[gdal-dev] Upcoming Cloud Optimized Geotiff (COG) related enhancements

Fri May 3 01:04:36 PDT 2019

Hi,

I wanted to mention COG related enhancements (*) that I will work on in GDAL 
in the coming weeks, so interested parties are aware of them and can 
potentially react.

1) Creation of a dedicated COG creation-only driver simplifying the creation 
workflow. Currently, creating a COG involves a number of steps, using gdaladdo 
and gdal_translate with the right arguments. For very large COG files, 
invoking gdaladdo in an efficient way can be tricky (.ovr.ovr trick: https://
github.com/OSGeo/gdal/issues/1442). The driver will take care of creating 
needed temporary overviews.

2) The driver will offer integrated reprojection capabilities, and in 
particular a WebMercator/GoogleMapsCompatible tiling scheme profile (as 
defined in WMTS), so that TIFF tiles exactly match GoogleMapsCompatible ones. 
This will be similar to the corresponding option of GeoPackage. With a 
subtelty that due to how GeoTIFF overviews work, it is not possible to have 
this alignment on the tiling scheme for all zoom levels. So the user will 
define how many zoom levels starting from the full resolution image must be 
aligned (if N is the number of aligned levels, up to 2^N padding tiles in 
horizontal and vertical dimensions are needed for the full resolution image, 
so N should be kept reasonably small)

3) gdalwarp will be enhanced to allow output to drivers that have only 
CreateCopy() capabilities such as the COG driver. It will try to avoid 
materializing the intermediate file when possible by using VRT capabilities, 
otherwise it will have to create a temporary TIFF file before creating 
CreateCopy()

4) Optimizations specific to JPEG-compressed imagery (YCbCr color space) with 
a 1-bit transparency channel, to minimize the number of HTTP range requests 
needed to read them.
As JPEG compression cannot include the transparency information, two TIFF IFD 
have to be created: one for YCbCr, and another one for alpha. Currently the 
COPY_SRC_OVERVIEWS=YES creation option of the GeoTIFF driver separates data 
for all the tiles of the color channels from data for all the tiles of the 
transparency channel. In practice, readers will generally want to access, for 
a same location, to data of both color and transparency channels. I will 
modify the writer to interleave blocks so that color and transparency 
information are contiguous. If COLOR_X_Y designates the tile with color 
information at coordinates X,Y (in tile coordinate space), the layout of data 
in the file will be: COLOR_0_0, TRANSPARENCY_0_0, COLOR_1_0, TRANSPARENCY_1_0, 
etc. The GeoTIFF driver will be improved to fetch together the color and 
transparency channel when such a layout is detected.

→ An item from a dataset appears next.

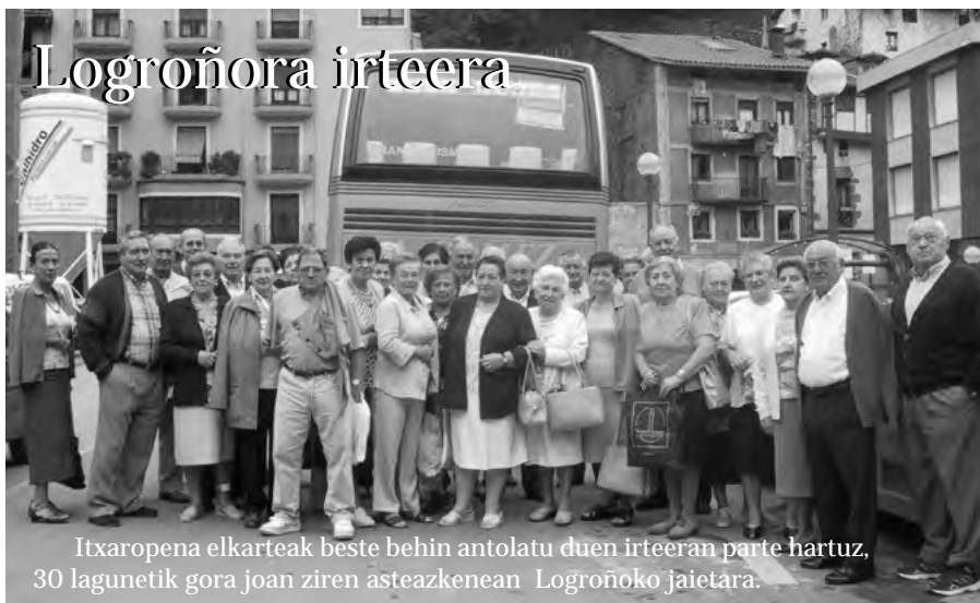
Itzaropena elkarrekin beste behin antolatu duen irteeran parte hartuz, 30 lagunetik gora joan ziren asteazkenean Logroñoko jaietara.

Joan zen ostiralean, 30-en bat lagunek elkarretaratzea egin zuten Plaza Berrian, Herreran gertatutako salatzeke. "Errepresioa ez da bidea!" lelopean, Ertzaintzaren jokoera "errepresioa" gaitzetsi eta "gatazka politikoari benetako konponbidea emateko ordua" dela adierazi nahi izan zuten.

A further improvement is to be able to avoid completely to read the 
TileByteCount array of the color channel, and the TileByteCount & TileOffset 
arrays of the transparency channel. The trick is to reserve 4 bytes before the 
start of each COLOR_X_Y tile to indicate its size (those bytes will be 
'ghost', that is not in the range of data pointed by TileByCount&TileOffset). 
An optimized reader wanting to read tile i=Y*nb_tiles_in_width+X will start by 
reading the offsets of tile i and i+1: TileOffset_color[i] and 
TileOffset_color[i+1]. It will then seek to TileOffset_color[i] – 4 and read 4 
+ TileOffset_color[i+1] – TileOffset_color[i] bytes in a buffer. The first 4 
bytes of this buffer will indicate the number of bytes of the color tile, and 
thus it is possible to deduce the offset and size of the mask tile that is 
located at the end of the buffer. A TIFF metadata item will be written to 
indicate that such layout has been used (with an indication of the file size 
so as to be able to detect if the file has been later be altered in a non-
optimized way), so that optimized readers can adopt the above described 
behavior. This will require to extend the libtiff interface so that the user 
can directly provide the input buffer to decompress.
As the file will remain fully TIFF/BIGTIFF compliant, non-optimized readers 
(such as newer GDAL builds against an older external libtiff version, or 
previous GDAL versions) will still be able read it, loading values from the 4 
arrays instead of just one. 
Note: for other compressions types, a simpler version of the above 
optimization can still be done, by using TileOffset[i] and TileOffset[i+1], 
and saving the read of TileByteCount[i]
To sum up, with the improvements of this task, once the initial loading of 
metadata has been done, a GDAL ReadBlock(x,y) request will cause only two 
networks range requests: one to read TileOffset[i] and TileOffset[i+1] 
(potentially already cached if neighboring tiles have been previously accessed 
in the same process), and another one to read the imagery (+mask) data. 
Whereas currently, 6 might be needed for JPEG YcbCr+mask.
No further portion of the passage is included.